COPD dataset – centrilobular emphysema prediction

To validate the technome predictive mode ability to enhance centrilobular emphysema prediction in the presence of only non-reducible technical variation, 676 partly contrast-enhanced CT scans of 676 patients (age: 84.1 ± 14.8 y) each reconstructed with a soft (B36) and hard (B71) kernel, i.e. 1352 clinical CT images were acquired with a Siemens Somatom Force in Lille, France29. The cohort consists of patients with different symptoms of chronic obstructive lung disease (COPD). The study was approved by the local ethics commitee with waiver of the informed consent because CT examinations were part of routine clinical practice. Scan and reconstruction parameters are kept constant and only images reconstructed with kernel B71 are analysed, therefore no reducible technical variation exists. Additionally, tube current modulation techniques8 CareDose and CareKV were used to guarantee consistent image quality and further minimise non-reducible technical variation.

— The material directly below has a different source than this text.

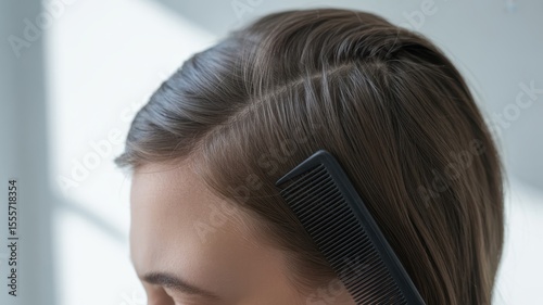 Fototapeta premium Caucasian young female with brown hair parted and combed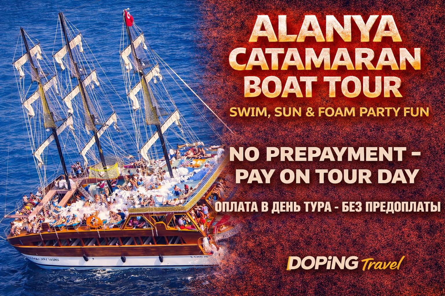 To codzienna wycieczka rozrywkowa organizowana na naszym katamaranie. Ta wycieczka, podczas której zobaczysz słynną na całym świecie plażę Kleopatry, historyczne jaskinie i najpiękniejsze plaże, a także będziesz cieszyć się imprezą z pianą i zabawnymi zajęciami, czeka na Ciebie w Alanyi.

The CRs air, trachea, adipose tissue, liver, heart, spleen and aorta segmented by an automated algorithm by Seifert et al.30. The lung parenchyma is segmented by an adaption of the deep learning segmentation of Yang et al.31 (Fig. 5). As features R we analyse the LAA signature. The LAA signature consists of two clinical standard features LAA910 and LAA95021. These features are commonly quantified to assess emphysema in clinical practice. Surrogates S are the 844 PyRadiomics27 features extracted in the CRs.

Figure 5
figure 5

Prototype used for parenchyma analysis. An example of a COPD patient is shown.

For the inSilico surrogate qualification \({q}_{jl}^{{\rm{inSilico}}}\), in silico variation was generated by superimposition of Gaussian, Rayleigh, Poisson and Gamma noise with 5 steps of monotonically increased noise each. For the inVitro surrogate qualification \({q}_{l}^{{\rm{inVitro}}}\), 16 CT images with varying scan and reconstruction parameters of the parenchyma in an anthropomorphic lung phantom32 (Fig. 4, left) were used.

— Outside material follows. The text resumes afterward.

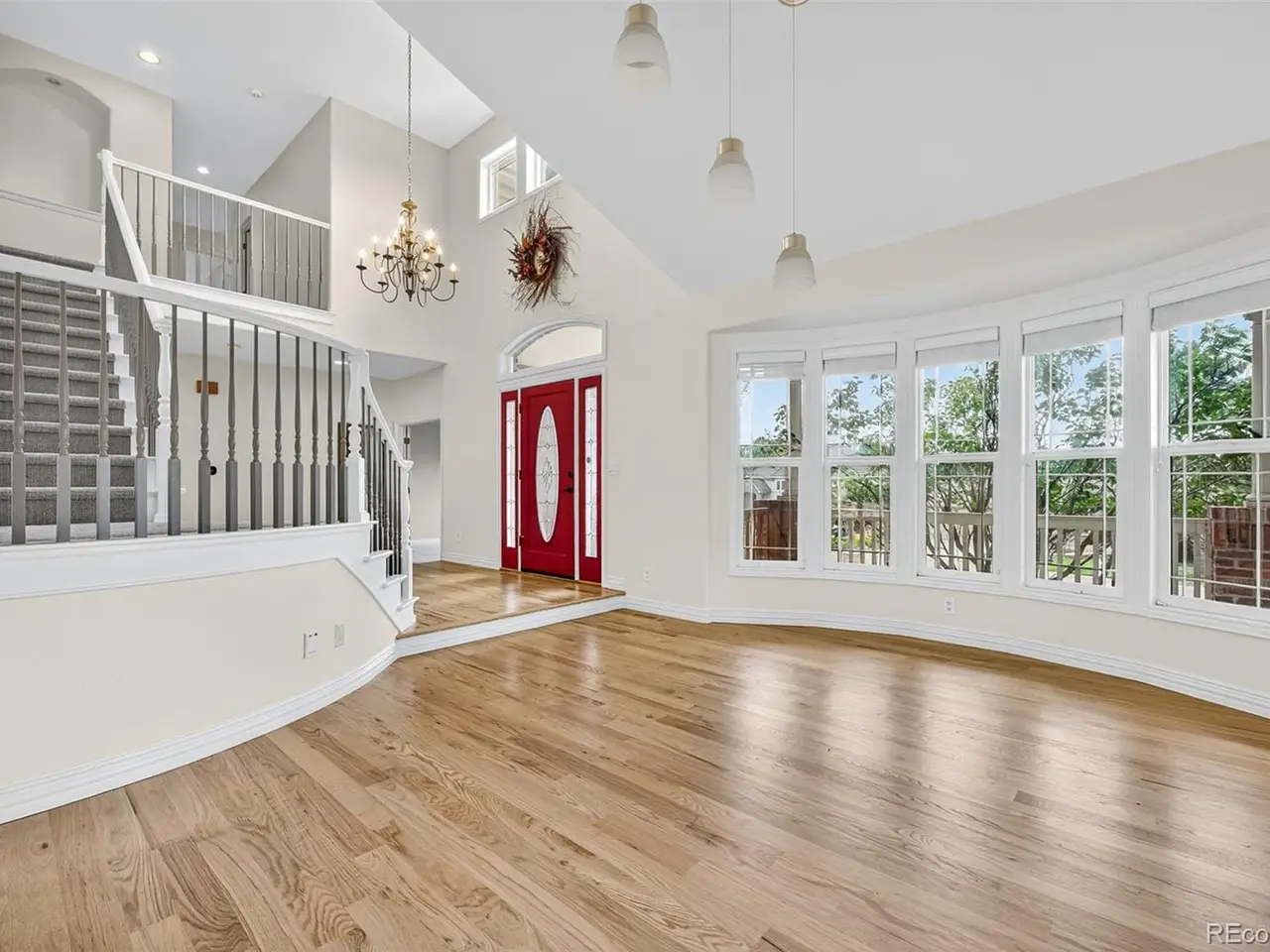 Vaulted entryway with curved stairway

The training loss is defined by the discriminative AUC of fGLM for the current selection of qualified surrogates on the training data LTrain = −AUC. The calibration loss is defined as \({L}_{{\rm{calib}}}=-\,\alpha /({\sum }_{\theta \in \Theta }\,\theta )\) with all qualification criteria and α = 0.2. The predictive performance is assessed as the AUC on the test data.

We compare the predictive performance of the technome for the hard kernel with the predictive performance of the LAA signature on the soft kernel. While a hard kernel is clinically considered inadequate for emphysema assessment due to larger inter-patient noise variation, we expect a predictive performance similar to the results for a soft kernel after calibration.

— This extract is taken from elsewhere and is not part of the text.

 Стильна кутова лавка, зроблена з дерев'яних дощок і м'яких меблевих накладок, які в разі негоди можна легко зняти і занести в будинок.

mCRC dataset – one-year-survival prediction

To validate the technome predictive mode ability to enhance one-year-survival prediction in the presence of non-reducible and also reducible technical variation, 118 contrast-enhanced CT scans of 75 patients (age: 61.9 ± 11.4 y) with 686 analysed liver tumours acquired with a variety of scanners from different vendours (GE, Philips, Siemens, Toshiba) in Munich, Germany, are analysed33. The cohort consists of metastatic colorectal cancer (mCRC) patients with liver metastases. The study was approved by the local ethics commitee with waiver of the informed consent because CT examinations were part of routine clinical practice. Scan and reconstruction parameters show large variation i.e. reducible and non-reducible technical variation is present. Tumours were segmented by a semi-automated segmentation algorithm28. The Aerts signature20 consisting of 4 features R is extracted from the tumour ROIs. Feature extraction and CR segmentation was conducted within a specialised radiomics framework34 (Fig. 6). Used surrogates S are the PyRadiomics features27 in the CRs air, trachea, adipose tissue, liver, heart, spleen and aorta again segmented by the algorithm of Seifert et al.30.

Figure 6
figure 6

Radiomics prototype34 for PyRadiomics feature and surrogate extraction. An example of a mCRC patient is shown.

In silico variation for the calculation of \({q}_{jl}^{{\rm{inSilico}}}\) was generated by superimposition of Gaussian, Rayleigh, Poisson and Gamma noise with 5 increasing steps each. For in vitro variation, 103 CT images of an anthropomorphic liver-lesion phantom26 (Fig. 4, right) with a variety of scan and reconstruction parameters were used.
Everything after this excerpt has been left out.